* PROVIDED DATA *
--- START ---

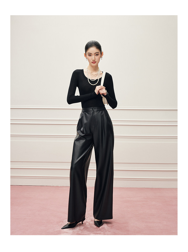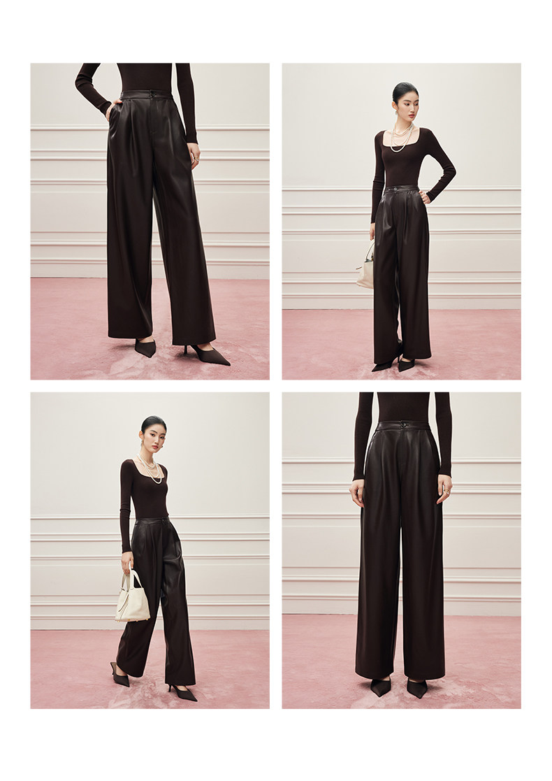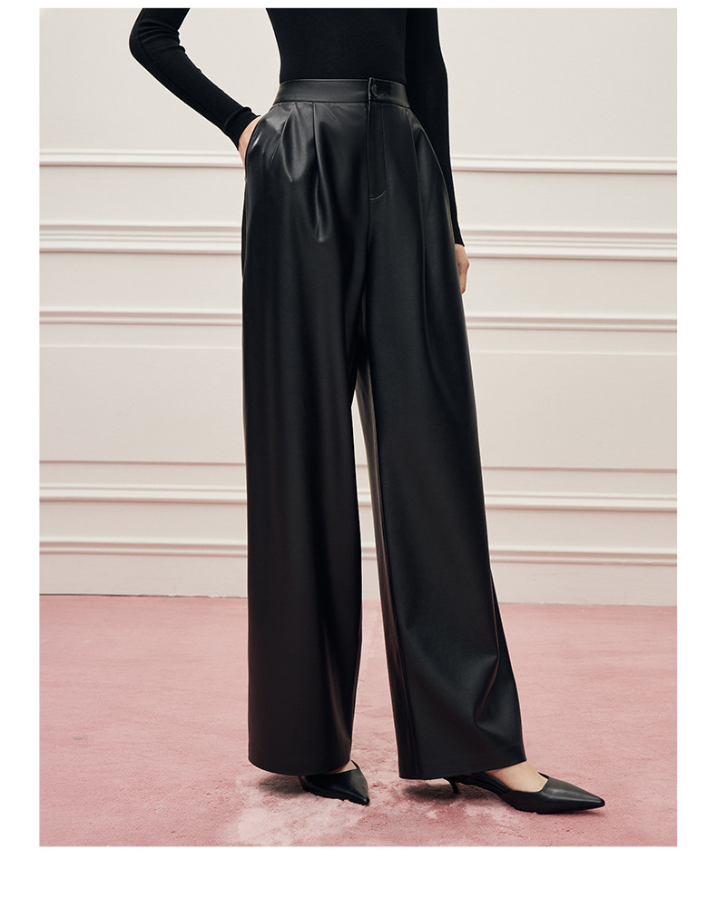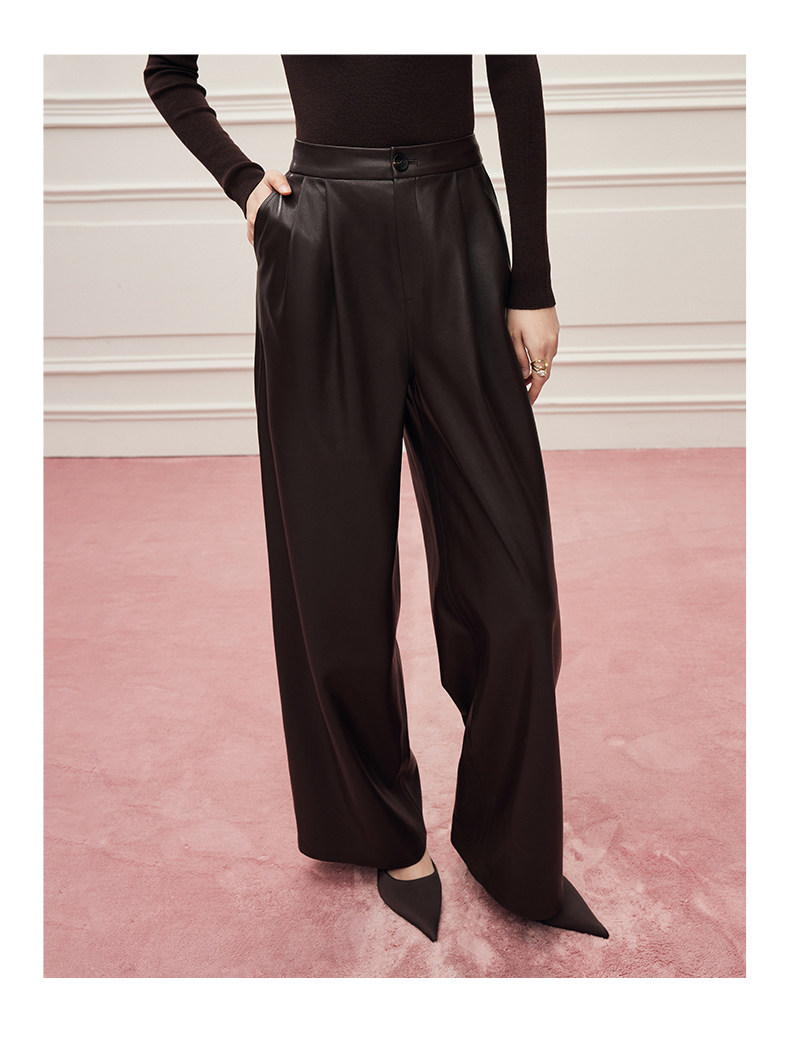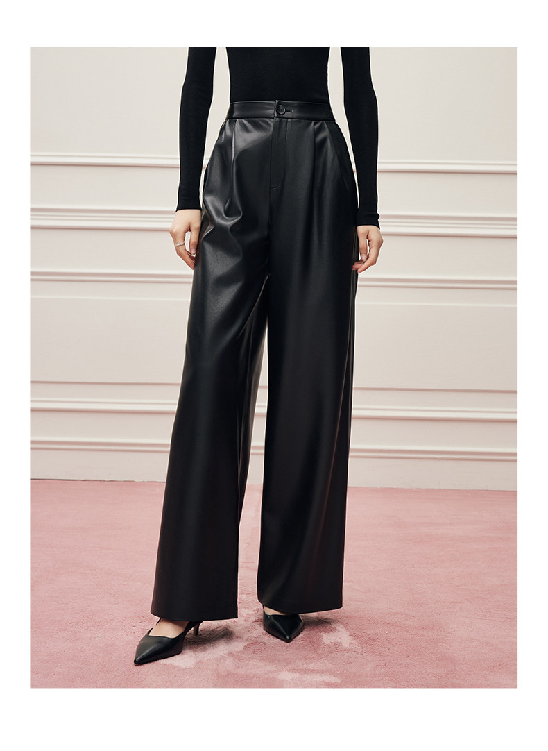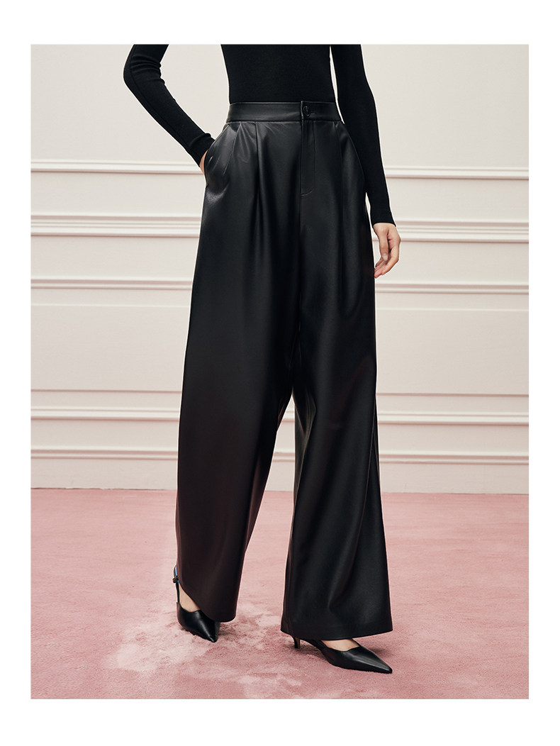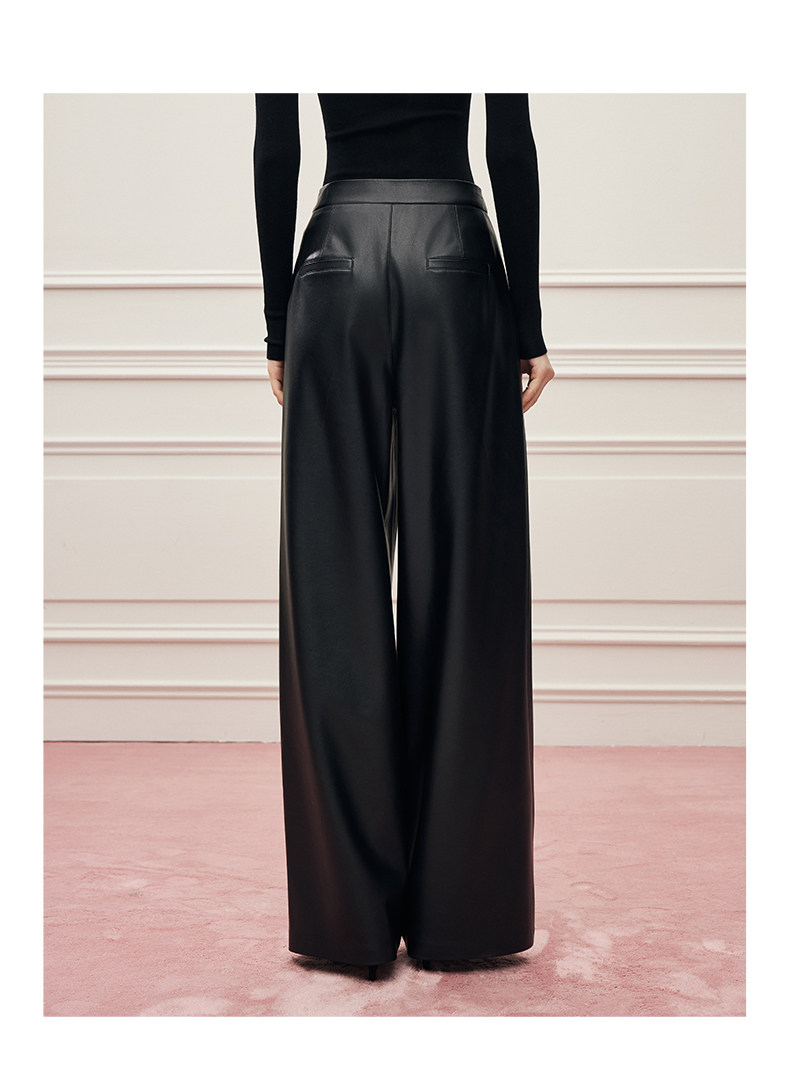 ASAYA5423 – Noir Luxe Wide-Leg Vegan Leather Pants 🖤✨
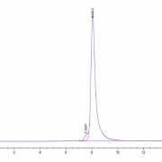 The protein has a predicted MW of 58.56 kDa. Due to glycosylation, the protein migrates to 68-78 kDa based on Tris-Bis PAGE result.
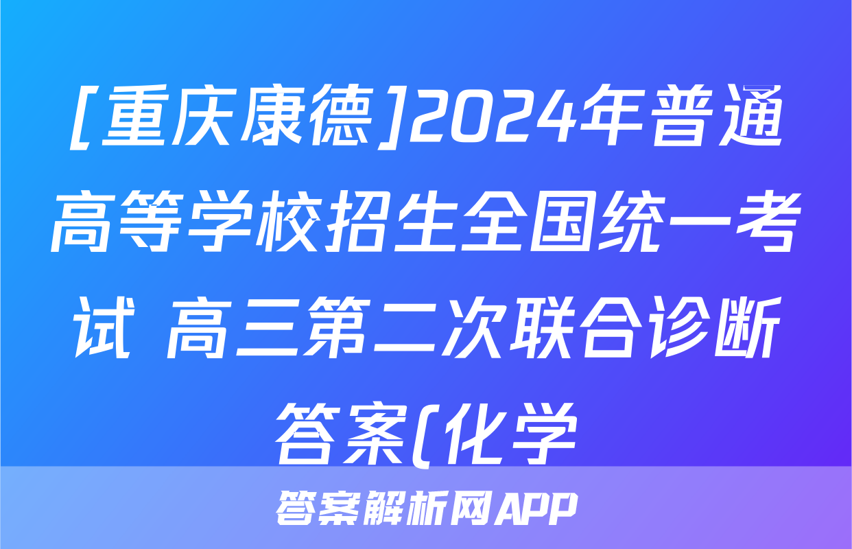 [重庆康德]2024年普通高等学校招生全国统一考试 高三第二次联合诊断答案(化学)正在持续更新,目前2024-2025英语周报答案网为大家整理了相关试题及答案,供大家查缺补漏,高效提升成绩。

--- END ---

* WHAT THE TASK ASKS *
Since pictures are not part of the copy, set down only the remaining data exactly.

* WRITTEN ANSWER *
 ASAYA5423 – Noir Luxe Wide-Leg Vegan Leather Pants 🖤✨
 The protein has a predicted MW of 58.56 kDa. Due to glycosylation, the protein migrates to 68-78 kDa based on Tris-Bis PAGE result.
 [重庆康德]2024年普通高等学校招生全国统一考试 高三第二次联合诊断答案(化学)正在持续更新,目前2024-2025英语周报答案网为大家整理了相关试题及答案,供大家查缺补漏,高效提升成绩。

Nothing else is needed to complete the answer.